上 下
109 / 126

1回戦 Sランク冒険者ゲーム41

しおりを挟む
 地上を含めてたったの7階層しかないダンジョンとはいえ、ケイヴタートスの死体を運ぶのは困難だった。

 体長が2メートルくらいで、甲羅があって人間よりも遙かに肉厚であることを考えると、ケイヴタートスの体重は150キロくらいありそうだった。

 さっき、俺と夏目理乃は2人いれば1体運べそうとかいう話をしていたけど、2人じゃ無理だった。4人でも無理だったし、6人でも無理だった。11人全員で協力して、ケイヴタートスの死体を引っくり返して甲羅を地面に付けることで摩擦係数を減らしてみたが、地上まで運搬するのは現実的ではなかった。
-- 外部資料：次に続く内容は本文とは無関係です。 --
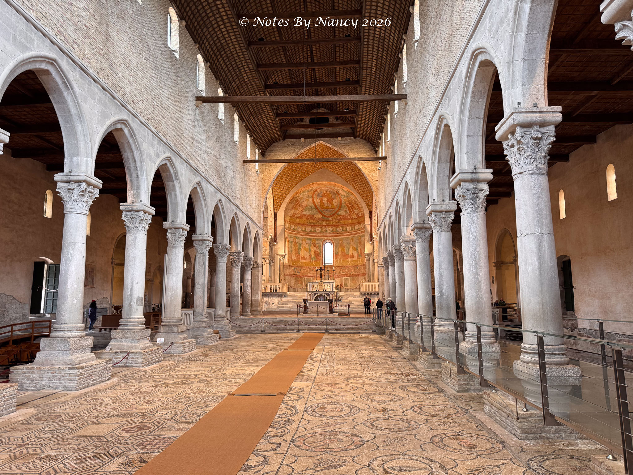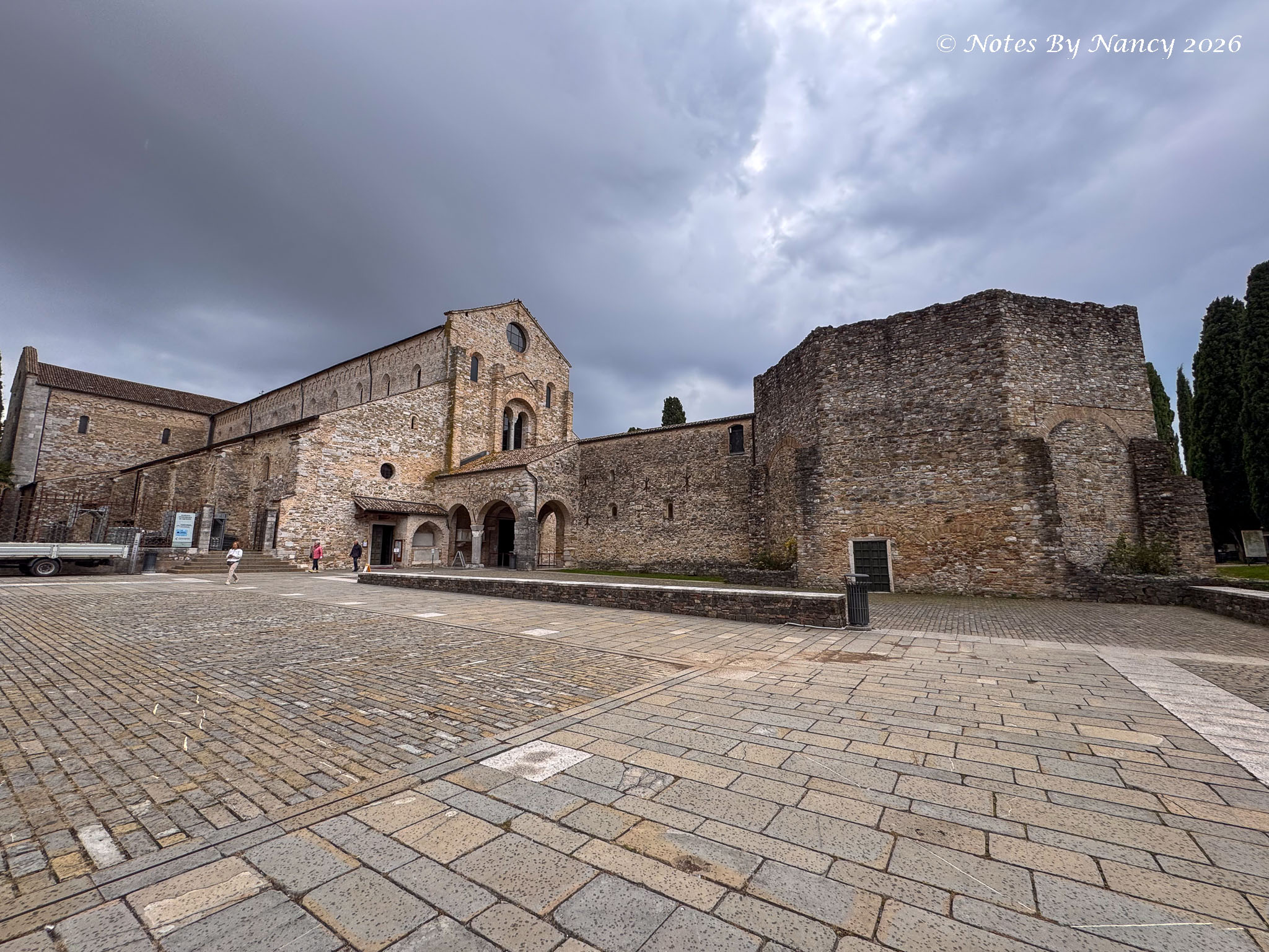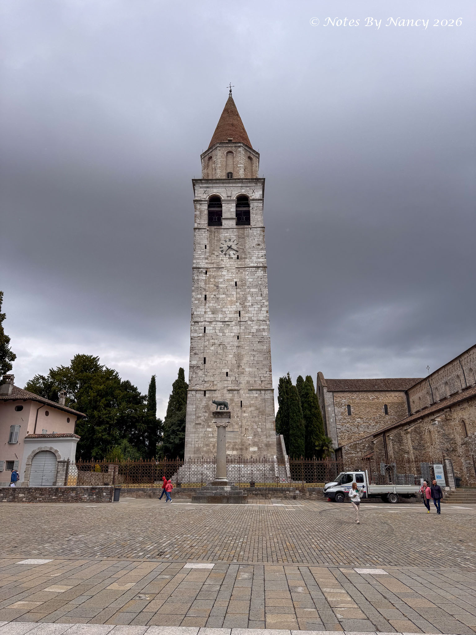 Our destination was the Basilica di Aquileia also known as Basilica di Santa Maria Assunta. The town of Aquileia with origins in the 2nd century BCE was a large and wealthy Roman city. The original church dates to the early 4th century when it was built by Bishop Theodore following the Edict of Milan signed by Emperors Constantine and Licinius which gave Christians legal status allowing them to worship freely. Additional changes were made over the next 100 years expanding both upwards and outwards. Then, again in the 9th century under Maxentius when additional architectural changes were made, including the crypt. More major changes were made in the 11th century by Poppo creating the essential structures seen today. There were also some restorations in the following centuries to repair earthquake damage. This link to the official website of the church provides a great overview of the development of the site and its importance in the Christian world. This link is only in Italian – so be sure to allow your browser to translate to English!

「全部持って帰るのは諦めよう。手足の肉の部分だけ切り取ればいいだろ」

 俺がそう言うと、鈴本が真っ先に賛成し、誰も反対しなかった。

「ケイヴタートスの肉はどうする? 食べるか?」

 解体作業をしていた青山は、みんなの顔を見回しながらそう訊いた。

「無理! こんなグロいもの、絶対に食べたくない!」

 有希が、断固拒否という調子でそう言った。俺もカメの魔物はちょっと食べる気がしなかった。

「僕は、カメの肉よりはウサギの肉の方が好きだよ!」

 キツネのコンちゃんはそう言った。

 いや、お前は人形なんだからケイヴタートスも角ウサギも食べられないだろ!

 と突っ込みたかったが、我慢した。

 そう言えば、『ウサギとカメ』と言えばイソップ童話のタイトルだな。ウサギとカメでたとえると、生産職しか生き残っていない地球チームはカメで、戦闘職がたくさん生き残っているであろう敵チームはウサギだろう。あの寓話は、カメは油断しないウサギには勝てないということを教えてくれる。カメがウサギに勝つには、ウサギと正攻法で真正面から戦ってはいけないのだ。

 階層を降りるときとは逆に、鈴本を最後尾にして地上に向かう。案の定、鈴本は途中で足を滑らせて、下まで転がり落ちてしまった。

「鈴本の今の器用さの数値は?」

 鈴本が復活するのを待って、俺はそう訊いてみた。

「1に上がった」
「そうか……」

 先は長そうだな。

 向かってくるGランクの魔物を倒しながら、地上を目指す。途中、青山がパッシブスキルの〈食欲旺盛〉を試してみたいと言い出し、包丁で角ウサギやゴブリン達と戦ってみた。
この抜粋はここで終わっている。